Segment Open

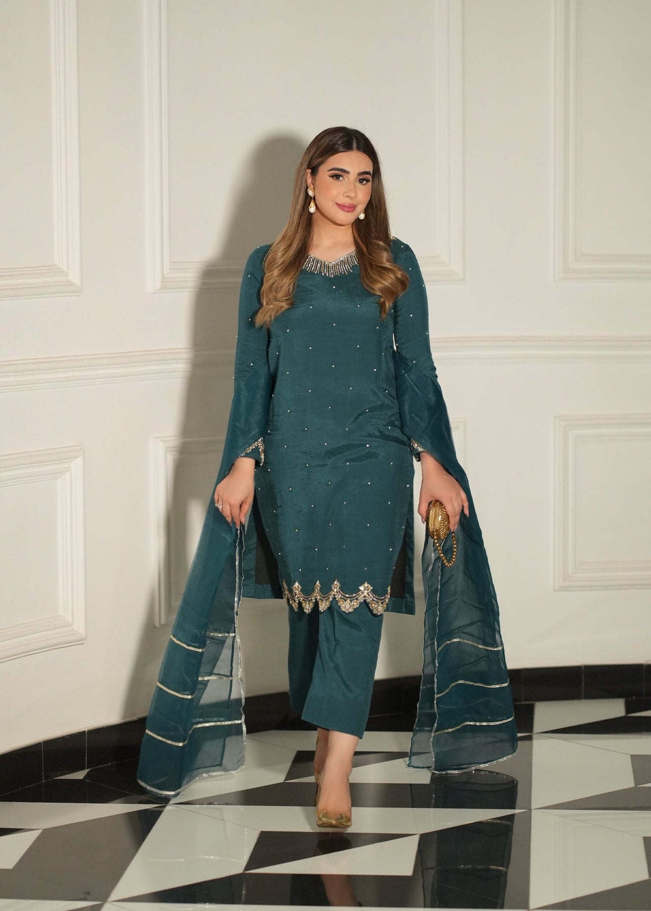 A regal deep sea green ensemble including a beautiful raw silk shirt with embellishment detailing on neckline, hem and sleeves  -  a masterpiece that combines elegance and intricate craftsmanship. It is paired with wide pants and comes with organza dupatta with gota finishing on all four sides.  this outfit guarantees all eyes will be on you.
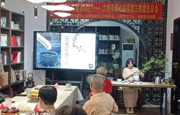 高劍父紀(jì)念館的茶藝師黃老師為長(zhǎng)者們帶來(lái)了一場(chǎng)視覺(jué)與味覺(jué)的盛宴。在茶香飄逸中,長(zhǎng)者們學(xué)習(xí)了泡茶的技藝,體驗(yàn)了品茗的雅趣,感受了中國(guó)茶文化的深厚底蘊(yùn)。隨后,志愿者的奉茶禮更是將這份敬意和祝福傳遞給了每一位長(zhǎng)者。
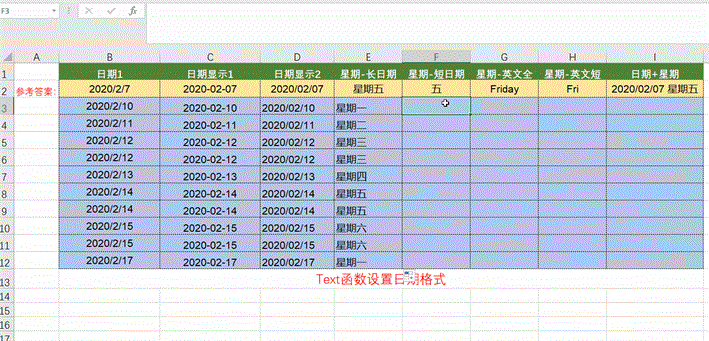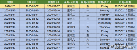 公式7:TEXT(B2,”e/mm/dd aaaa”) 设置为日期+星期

Segment Closed
Segment Open

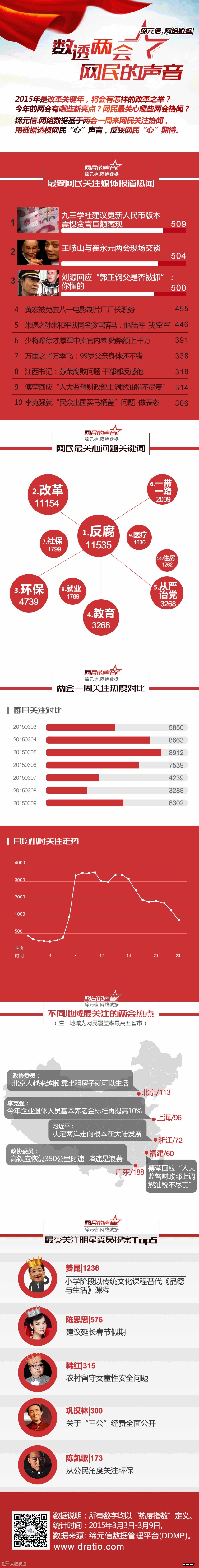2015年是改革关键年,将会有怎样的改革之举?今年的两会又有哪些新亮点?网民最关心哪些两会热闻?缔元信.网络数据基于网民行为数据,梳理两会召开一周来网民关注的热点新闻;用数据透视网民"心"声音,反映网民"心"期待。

Segment Closed
Segment Open

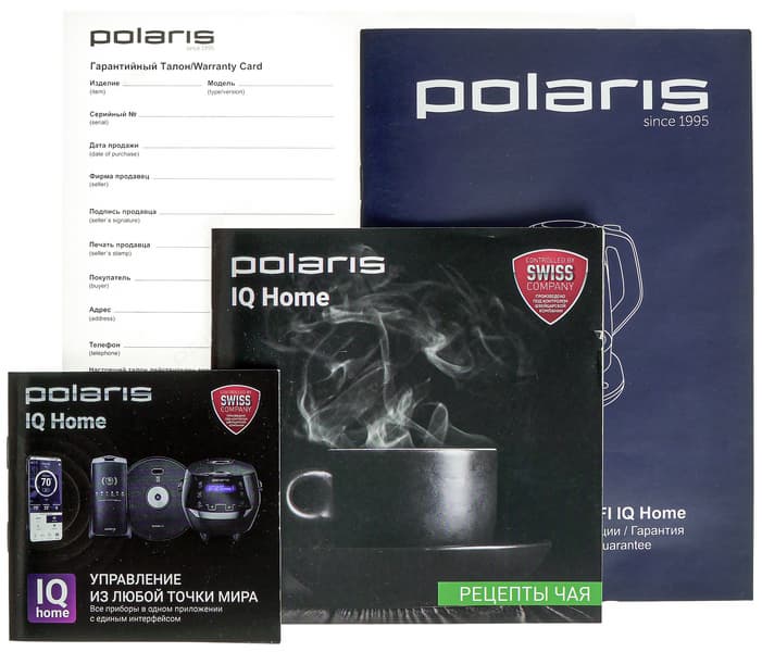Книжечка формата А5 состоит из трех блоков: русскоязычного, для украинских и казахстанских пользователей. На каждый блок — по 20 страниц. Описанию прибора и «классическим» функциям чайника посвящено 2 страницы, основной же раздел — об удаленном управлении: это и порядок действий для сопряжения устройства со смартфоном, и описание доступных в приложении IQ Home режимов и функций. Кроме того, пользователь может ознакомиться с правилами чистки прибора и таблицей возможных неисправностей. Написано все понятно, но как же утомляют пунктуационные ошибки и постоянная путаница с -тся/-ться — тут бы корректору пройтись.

Segment Closed

### Goal of the exercise:
Find the line with "A regal deep" in the entries above. Set down exactly every line from it up to and including the line with "高劍父紀(jì)念館的茶藝師", images excluded.

### Solution to this exercise:
 A regal deep sea green ensemble including a beautiful raw silk shirt with embellishment detailing on neckline, hem and sleeves  -  a masterpiece that combines elegance and intricate craftsmanship. It is paired with wide pants and comes with organza dupatta with gota finishing on all four sides.  this outfit guarantees all eyes will be on you.
 高劍父紀(jì)念館的茶藝師黃老師為長(zhǎng)者們帶來(lái)了一場(chǎng)視覺(jué)與味覺(jué)的盛宴。在茶香飄逸中,長(zhǎng)者們學(xué)習(xí)了泡茶的技藝,體驗(yàn)了品茗的雅趣,感受了中國(guó)茶文化的深厚底蘊(yùn)。隨后,志愿者的奉茶禮更是將這份敬意和祝福傳遞給了每一位長(zhǎng)者。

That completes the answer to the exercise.